Text (Google language tag)

CACHE

Subtags

None

Definition

The language of the cached result as determined by Google’s automatic language classification algorithm. The value of this tag is the same as the values used for the automatic language collections without the “lang_” prefix (see Automatic Language Filters).

Attributes

None

CACHE_LAST_MODIFIED
Format/Parent

Text

CACHE

Subtags

None

Definition

Date that the document was crawled, as specified in the Date HTTP header when the document was crawled for this index. The crawler fetches documents from its cache if the web server responds with a 304 (not modified) status code to an if-modified-since request. In this case, the CACHE_LAST_MODIFIED is the date when the document was originally crawled and not the date of the if-modified-since request.

Attributes

None

CACHE_LEGEND_FOUND
Format/Parent

CACHE

Subtags

CACHE_LEGEND_TEXT*

Definition

Encapsulates query terms that are found in the visible text of the cached result returned.

Attributes

None

CACHE_LEGEND_NOTFOUND
Format/Parent

Text (Custom HTML output only)

CACHE

Subtags

BLOB? (XML output only)

Definition

Details of any query terms that are not visible in the cached result returned.

Attributes

None

CACHE_LEGEND_TEXT
Format/Parent

Text (Custom HTML output only)

CACHE_LEGEND_FOUND

Subtags

BLOB (XML output only)

Definition

Details of a query term that is visible in the cached result. Query terms found in the cached result are automatically highlighted using the colors described in the attributes of this tag.

Attributes

 

fgcolor

Color attribute

The foreground color of the query term in the cached result. This value can be used directly in a color attribute for HTML tags.

bgcolor

Color attribute

The background color of the query term in the cached result. This value can be used directly in a color attribute for HTML tags.

CACHE_REDIR_URL
Format/Parent

Text (Absolute URL)

CACHE

Subtags

None

Definition

Final URL of cached result after all redirects are resolved.

Attributes

None

CACHE_URL
Format/Parent

Text (Absolute URL)

CACHE

Subtags

None

Definition

Initial URL of cached result.

Attributes

None

CRAWLDATE
Format/Parent

Text

R

Subtags

None

Definition

An optional element that shows the date when the page was crawled. It is shown only for pages that have been crawled within the past two days.

Attributes

None

CT
Format/Parent

HTML

GSP

Subtags

None

Definition

Search comments.

Example comment: Sorry, no content found for this URL

Attributes

None

CUSTOM
Format/Parent

GSP

Subtags

(Custom XML specified in the search request)

Definition

Encapsulates custom XML tags that are specified in the proxycustom input parameter.

Attributes

None

ENT_SOURCE
Format/Parent

R

Subtags

None

Definition

Identifies the application ID (serial number) of the search appliance that contributes to a result.

Example:

<ENT_SOURCE>S5-KUB000F0ADETLA</ENT_SOURCE>
Attributes

None

ENTOBRESULTS
Format/Parent

GSP

Subtags

OBRES

Definition

Encapsulates the results returned by OneBox modules.

Attributes

None

FI
Format/Parent

RES

Subtags

None

Definition

Indicates that document filtering was performed during this search.

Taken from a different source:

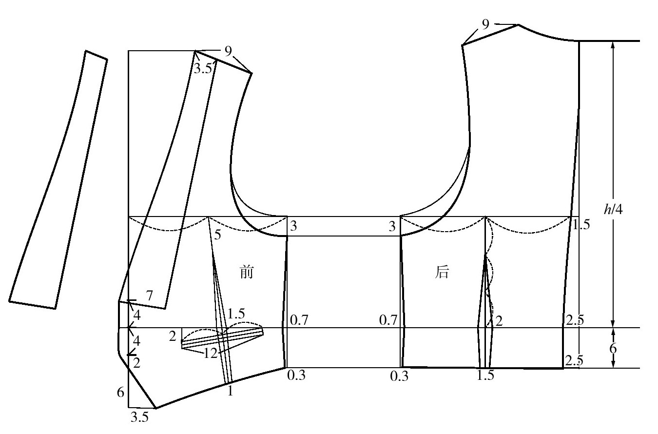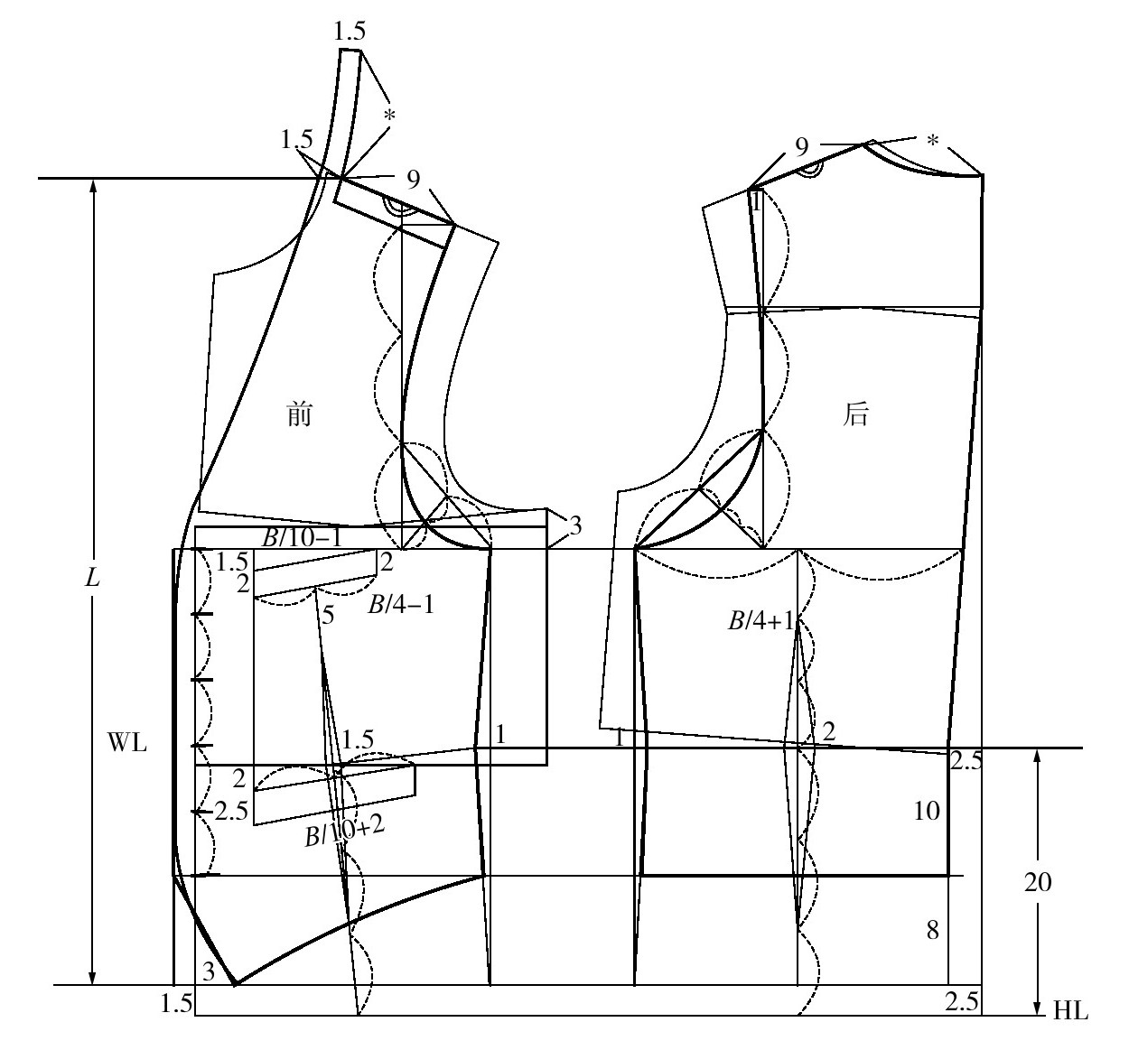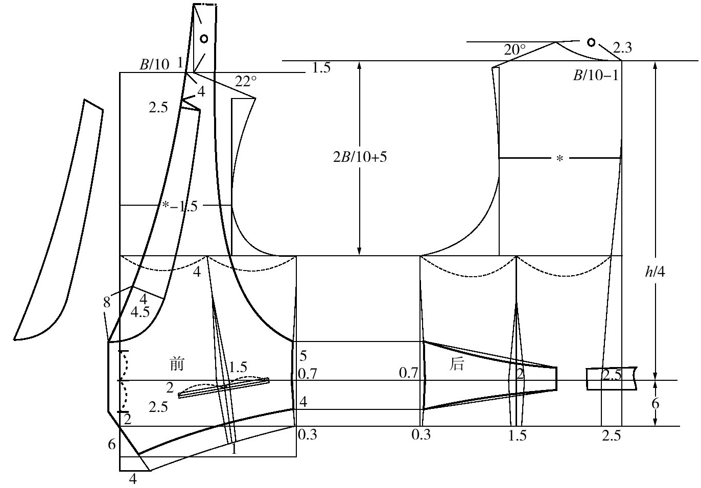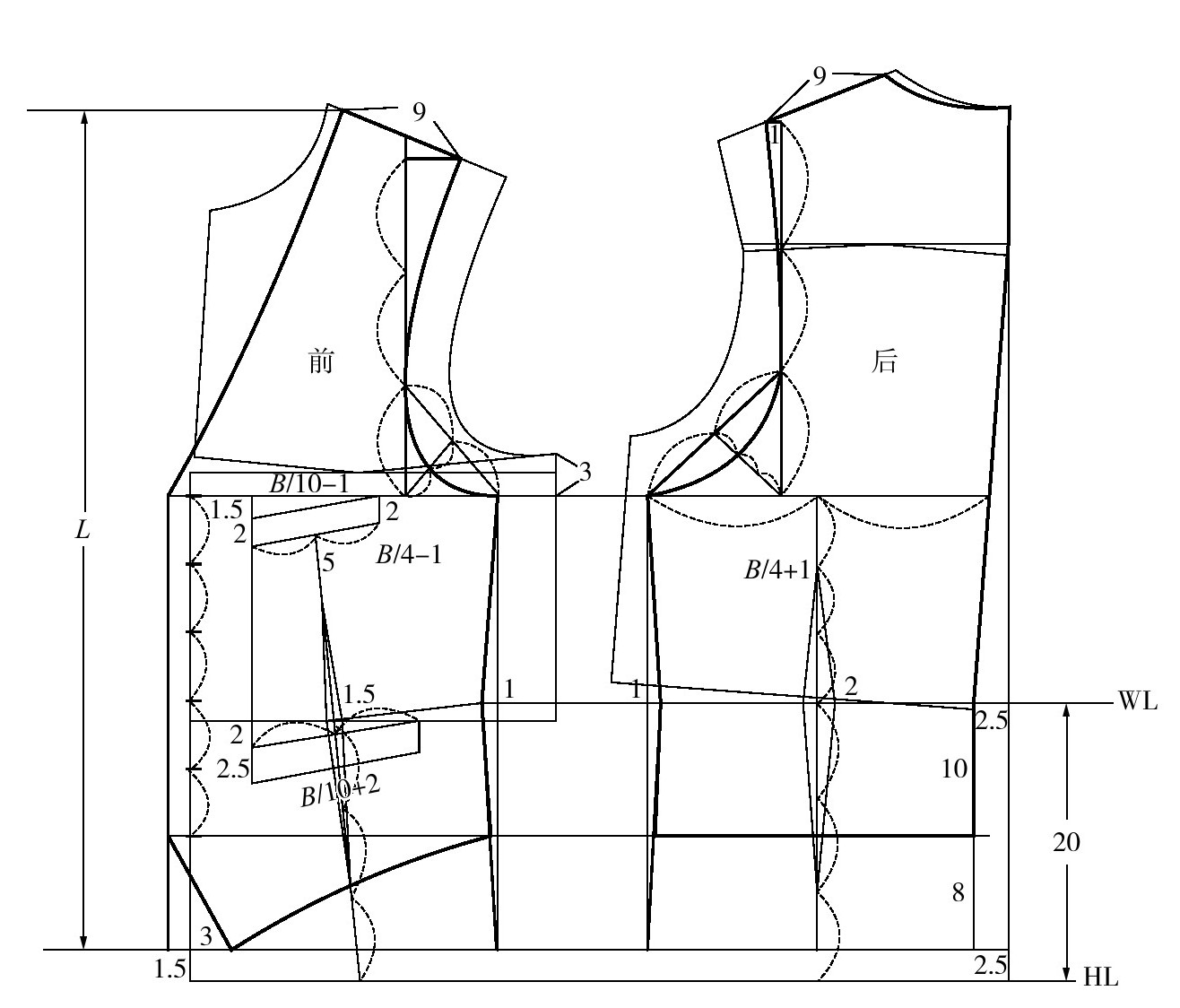 (5)胸围:前胸围大为B/4-0.5cm,后胸围大为B/4+0.5cm。

See Automatic Filtering for more details

Attributes

None

FS
Format/Parent

R

Subtags

None

Definition

Additional details about the search result.

Attributes

 

NAME

Text

Name of the result descriptor

VALUE

Text

Value of the result descriptor

GD
Format/Parent

Text (HTML)

GM

Subtags

None

Definition

Contains the description of a KeyMatch result.

Attributes

None

GL
Format/Parent

Text (URL)

GM

Subtags

None

Definition

Contains the URL of a KeyMatch result.

Attributes

None

GM
Format/Parent

GSP

Subtags

GL, GD?

Definition

Encapsulates a single KeyMatch result.

Attributes

None

GSP
Format/Parent

This is the root element.

Subtags

(CT?, CUSTOM?, ENTOBRESULTS, GM*, PARAM+, Q, RES?, Spelling?, Synonyms?, TM) | CACHE

Definition

GSP = “Google Search Protocol”

Encapsulates all data that is returned in the Google XML search results.

Attributes

 

VER

Text

Indicates version of the search results output. The current output version is “3.2”.

HAS
Format/Parent

R

Subtags

L?, C?

Definition

Encapsulates special features that are included for this search result.

Attributes

None

HN
Format/Parent

Text (URL-encoded web directory, see Appendix B: URL Encoding)

R

Subtags

None

Definition

Indicates that filtering has occurred and that additional results are available from the directory where this search result was found. The value of this tag is ready to be used with the site: query term (see Directory Restricted Search).

Attributes

 

U

Text

Server and path components of the directory’s URL.

L
Format/Parent

HAS

Subtags

None

Definition

Indicates that the “link:” special query term is supported for this search result URL.

Attributes

None

LANG
Format/Parent

Text

R

Subtags

None

Definition

Indicates the language of the search result. The LANG element contains a two-letter language code. See Automatic Language Filters for language codes.

Attributes

None

M
Format/Parent

Text (Integer)

RES

Subtags

None

Definition

The estimated total number of results for the search.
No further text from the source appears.